Bevor es losging, bekamen wir uns kaum zu Gesicht. Rani arbeitete, ich tourte durch Europa. Zwischendrin hektische Anrufe: „Hast du dein Visum schon?“, „Wann buchen wir den Flug?“, „ Wann sollen wir überhaupt fliegen?“… Doch wir bekamen es gebacken und so saßen wir am 2. November in Frankfurt am Flughafen und beobachteten durch das Fenster die schwebenden, bunten Lichter, die auch uns bald davontragen würden.

Wir hatten keine Erwartungen. Nicht an den Ablauf der Reise, nicht an das Ziel, nicht von einander. Und hier fängt meine Lobhymne an:

Mit keiner anderen Freundin hätte ich so auf Neuseelands Straßen herumziehen können wie mit ihr. Ich führte sie in die Welt des Trampens ein. Denn so war ich in Europa herumgetourt und so wollte ich Neuseeland bereisen. Rani ging sofort darin auf.
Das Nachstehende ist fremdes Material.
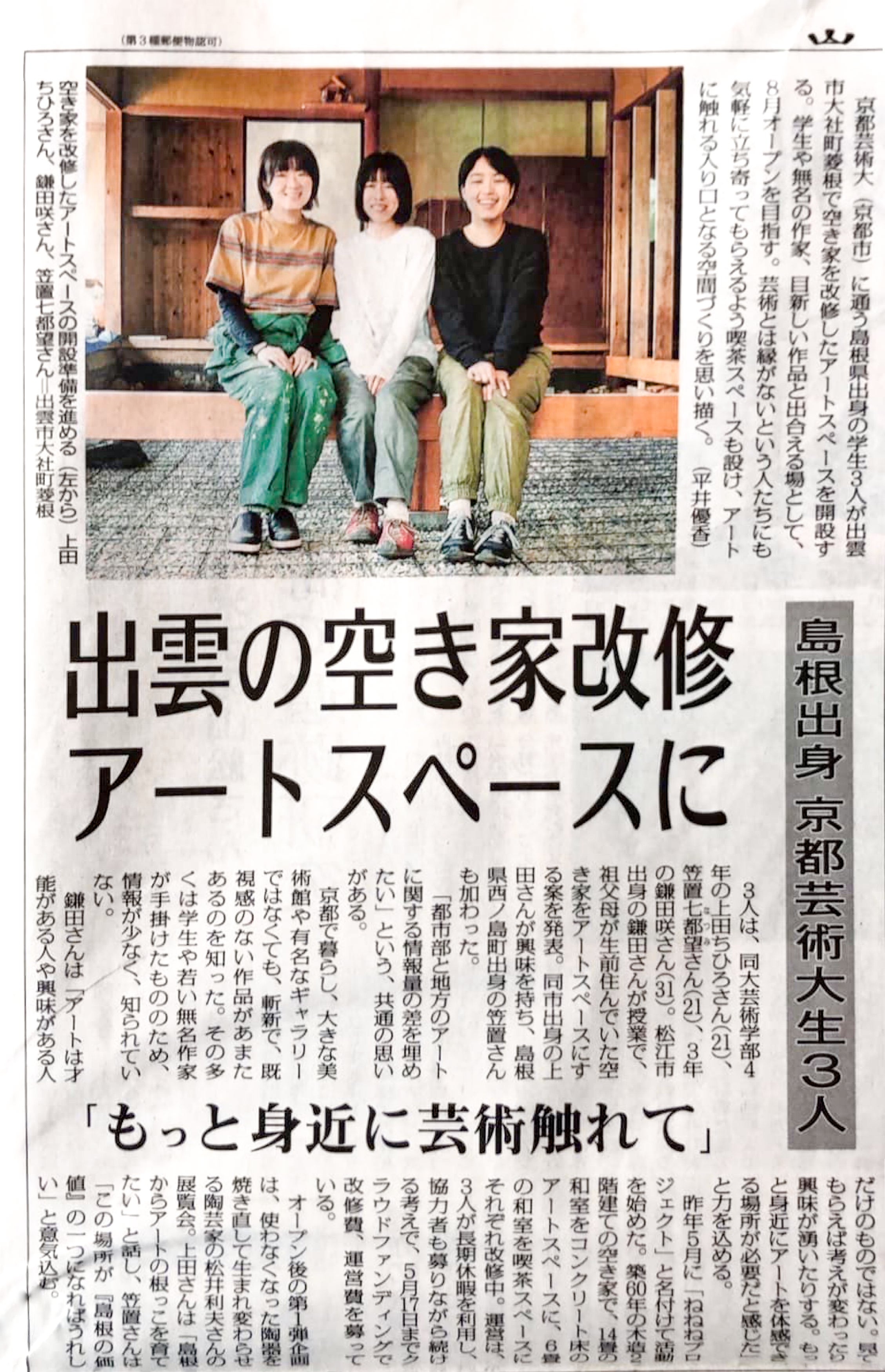 2022/04/16の山陰中央新報にて、私たちの活動を掲載いただきました!
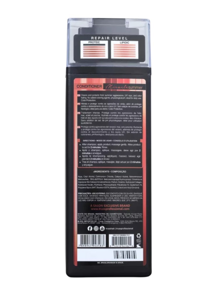 O Condicionador Miracle Summer TRUSS é a escolha perfeita para quem busca um cuidado capilar completo durante a estação mais quente do ano, garantindo cabelos saudáveis, protegidos e com aspecto radiante.
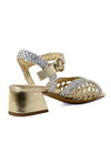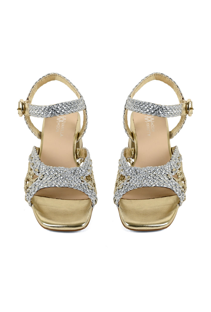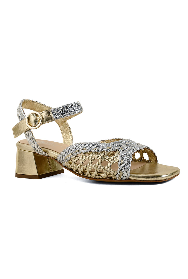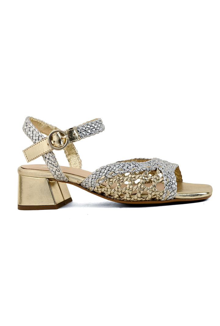 Step into a new era of chic! These gold and silver metallic handwoven sandals bring playful texture with a braided backstrap and a chic square toe, while a flared leather-covered heel adds just the right lift for all-day ease.
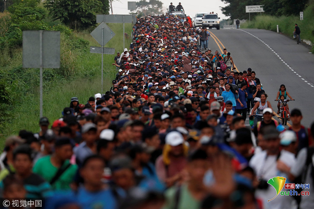 當(dāng)?shù)貢r(shí)間2018年11月2日,墨西哥連接Ciudad Hidalgo與塔帕丘拉的公路上,中美洲移民繼續(xù)向美國挺進(jìn)。圖片作者:CARLOS GARCIA RAWLINS
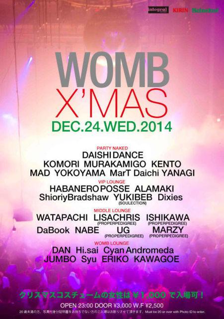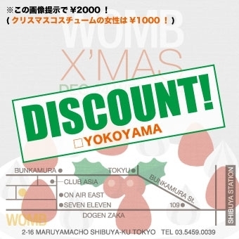 ◆X’MAS in WOMB◆ 渋谷最大級クリスマスパーティー! 4フロアで音に飢えたサンタとトナカイが大暴れ! 【女性限定!クリスマス・コスチューム割引料金 \1000】 当日は大変混雑が予想されます。 ディスカウントご希望の方は早めにご連絡下さい。 もしくは3つの写真の中のDISCOUNTと書かれた画像を エントランスでご提示頂けるとディスカウントとなります。 ご自由にお使い下さい^^ 12/24(Wed.) open//23:00〜 DOOR:¥3000, W/F & MEMBER:¥2500 -PARTY NAKED- GUEST: DAISHI DANCE LINE UP: KOMORI, MURAKAMIGO, KENT
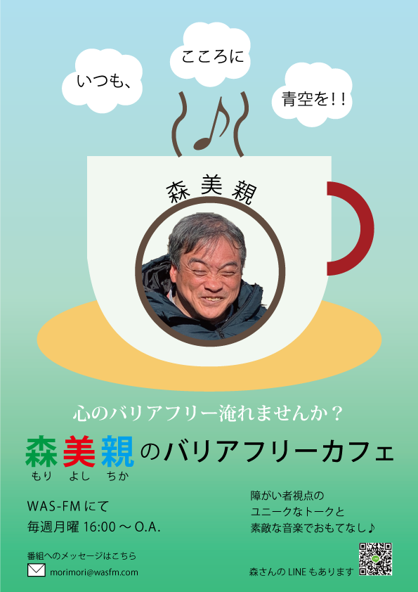 先のチラシの別バージョン。おしゃべり好きの森さんがラジオパーソナリティーを務めたら面白いのではないか、健常者の方が興味をもって聴いてくれるのではないかと思い、作ってみました。背景色は青から緑へのグラデーションで森さんカラーを2色入れました。また、喫茶店好きな森さんを表現するためにコーヒーカップのイラストを、音楽好きな森さんを表現するために湯気に音符を載せました。湯気が上がった先に「いつも、こころに青空を!!」という森さんの座右の銘を入れました。
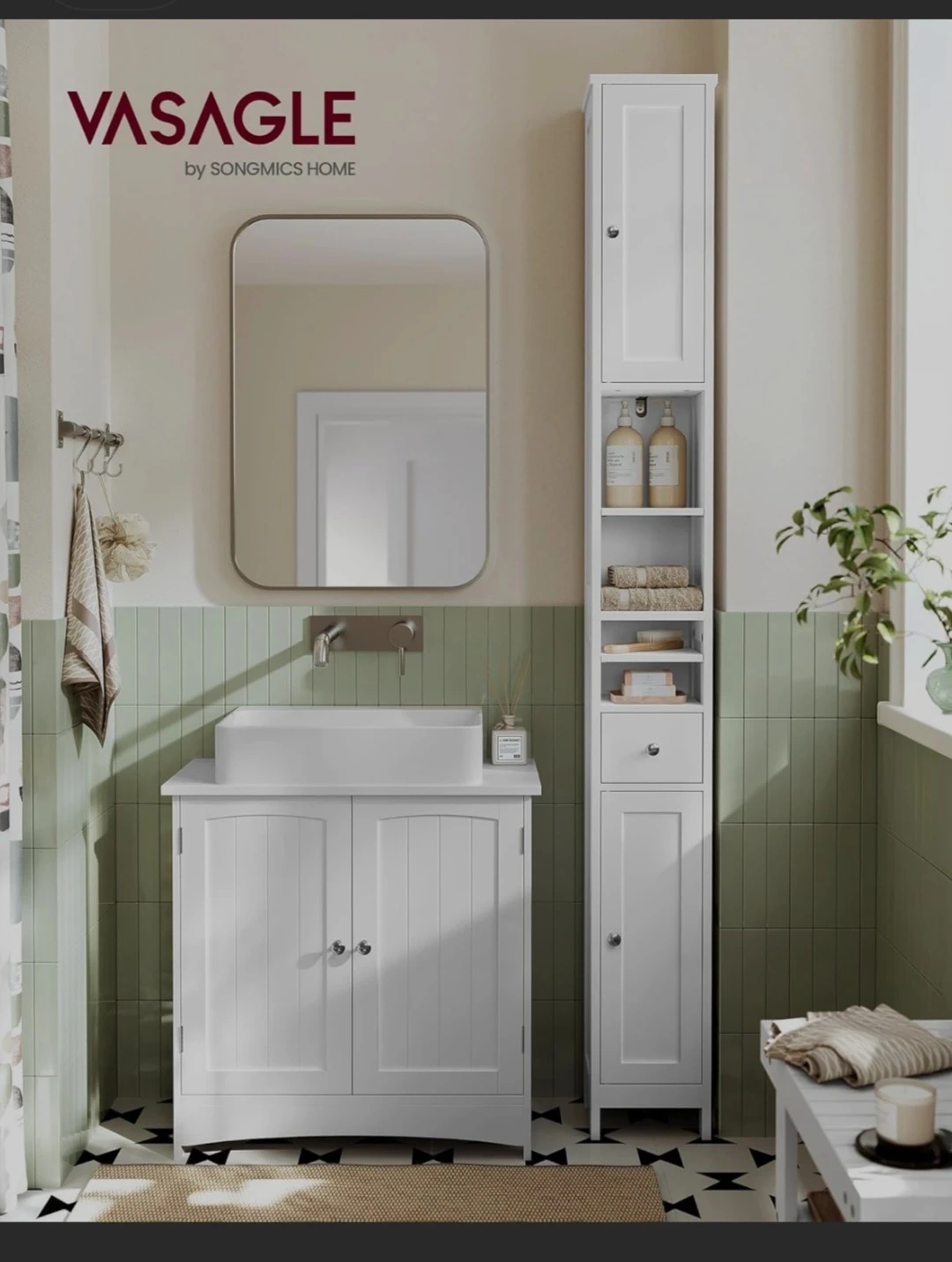 10Selling a brand new VASAGLE bathroom cabinet! It's still in its original box and ready to be assembled. This tall cabinet is perfect for adding extra storage to your bathroom. It features shelves, a drawer, and two doors to keep your essentials organized and out of sight. The dimensions are 19.5 cm x 21.4 cm x 180 cm.

Mit ihrer unkomplizierten, fröhlichen Art nahm sie meine Reiseart und ich ihre Leichtigkeit an. Wir waren ausgeglichen, aufeinander eingestellt, dennoch unabhängig voneinander. Wir waren eins.  Und somit macht es nichts, dass es ständig „Rani und ich“ heißt, denn im Grunde genommen verschmolzen wir zu einem Pusteblumensamen, der sich vom Wind durch Neuseeland tragen ließ.
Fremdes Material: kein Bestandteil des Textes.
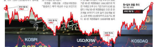 7일 서울 외환시장에서 원·달러 환율 종가는 1203.7원으로 직전 거래일 종가보다 10.3원 올랐다. 원·달러 환율 종가가 1200원대를 기록한 것은 2010년 7월 22일(종가 1204원) 이후 약 5년 2개월 만이다.
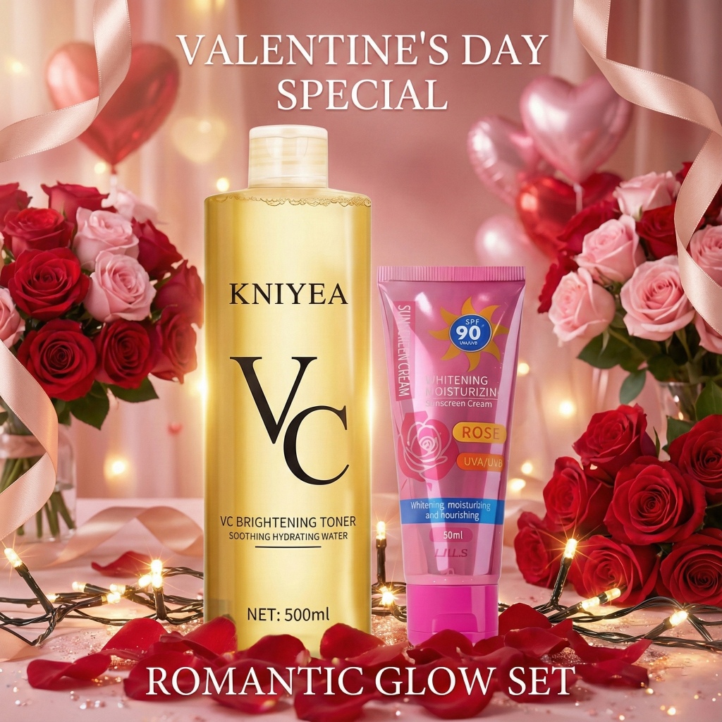 Vitamin C Brightening Trio: 500ml Toner + Serum + 60ml SPF 50 Sunscreen for Face
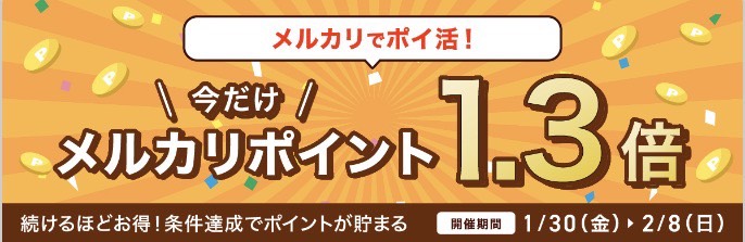 メルカリ|条件達成でメルカリポイント1.3倍ゲットキャンペーン【25/6/9まで】
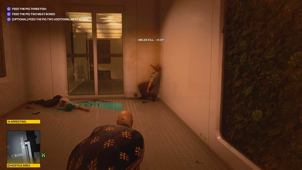 You need to use the fish wire to garrotte the first NPC wearing a white pig mask in this room. You can store his body in the container nearby. First, ensure that the other NPCs in the room don’t spot you, or this will ruin your Silent Assassin rank. Next, pick up the fish and gun that the NPC dropped.
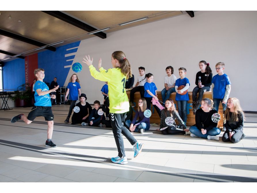 Im Sportbereich konnte man sich in verschiedensten Sportarten üben und somit auch wieder Smileys auf seinem Zeugnis sammeln. Sowohl die Fußballklasse und der Stützpunkt Fußball als auch die Sport-AG Handball präsentierten sich in Stationen und in der Kletterhalle konnte man sich das gesicherte Klettern am Seil ausprobieren. Zudem war in einer der drei Sporthallen noch ein Abenteuerparcours aufgebaut, der den Schülern einiges an Kondition abverlangte. Beim Bogenschießen konnte der sichere Umgang mit Pfeil und Bogen geübt werden und Interessierte wurden von dem Bogenschießlehrer und Naturpädagogen Stephan Magerl über dieses neue Wahlfach am Fraunhofer informiert. Der Stützpunkt Rhythmische Sportgymnastik begeisterte die Zuschauer mit tollen Vorführungen. Über die Schulskikurse in Mitterfirmiansreut und in der Flachau/Wagrain sowie über die Gebirgswanderwoche in Südtirol informierte eine Fotoausstellung.
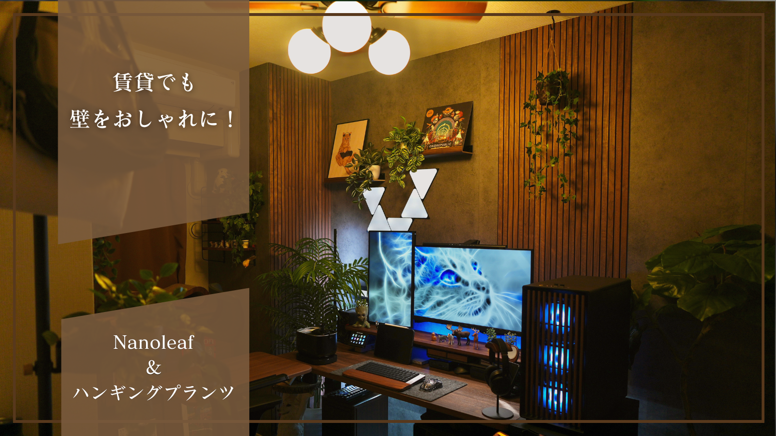 デスクシェルフ賃貸でも壁をおしゃれに!Nanoleaf&ハンギングプランツを設置
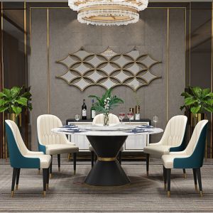 This is a modern classic dining table featuring a quality rock slab table top with marble-like veins with sleek tapered legs. Rock slab mimics natural stones but is more durable and resistant. Adds instant elegance to your dining room setup.
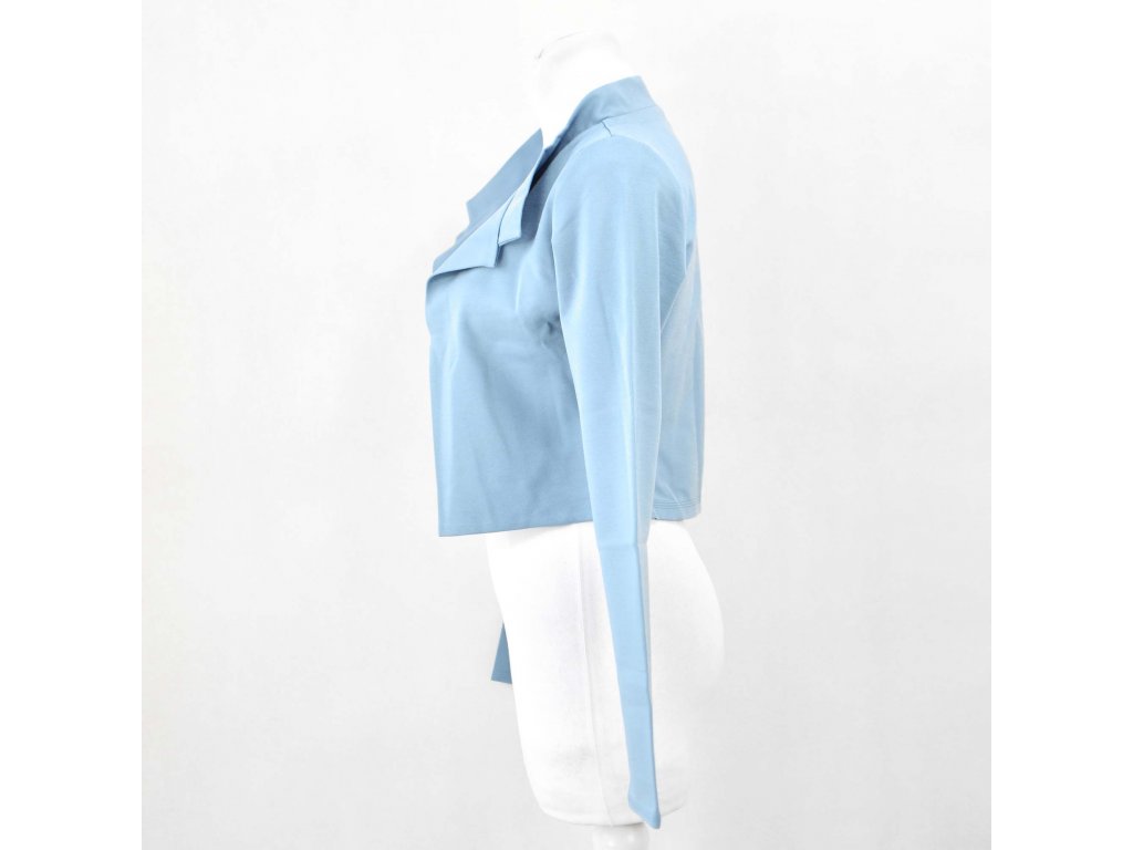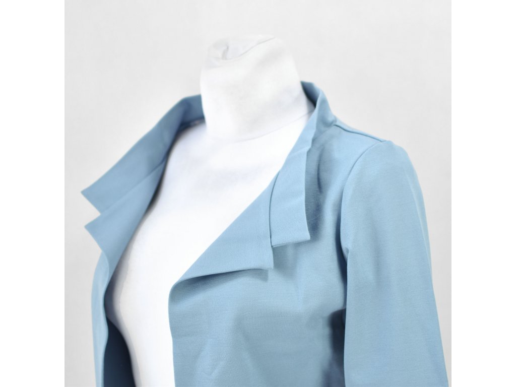 Elegantní i volnočasové krátké sáčko otevřeného střihu bez zapínání, s dlouhými rukávy. Zadní díl je lehce prodloužený tvarovaný do oblouku. Vhodné ke kolovým a pasovým sukním. Dobře se kombinuje i s dalšími druhy oblečení, třeba se společenskými šaty. Ozdobná etiketa našitá na zadním boku nesmí přijít do sušičky.

Ich bin ein sehr anpassungsfähiger Mensch, ich gebe mich gern der Stimmung hin, die um mich herrscht, ohne auf meine Person zu achten. Ich ordne mich eine Situation unter und gebe mich dadurch manchmal selbst auf. In Ranis Nähe schien aber alles immer so leicht zu sein. Leicht und unbeschwert. Dinge, über die ich mir sonst meinen Kopf zerbrach, flossen unbeachtet an mir vorbei. Von meinen Schultern war Last genommen, es schien viel mehr möglich zu sein. Sie hat dieselbe wache Art, herumzustreunen, alles um sie herum mit allen Sinnen aufzunehmen und dann darüber zu schwadronieren wie ich. 20 Zehen spüren mehr als 10, 4 Augen sehen mehr als zwei, und zwei Nasen riechen mehr als eine – so hatten wir unsere größte Freude, auf Entdeckungstouren zu gehen, zu beobachten, darüber zu philosophieren, assoziieren, vergleichen.
Ich traue es mich kaum, niederzuschreiben, aber es war vollkommen. Ich fühlte mich absolut glücklich – und Rani trug einen großen Teil dazu bei.

Nein, mit keiner anderen Freundin hätte ich so auf Neuseelands Straßen herumziehen können wie mit ihr.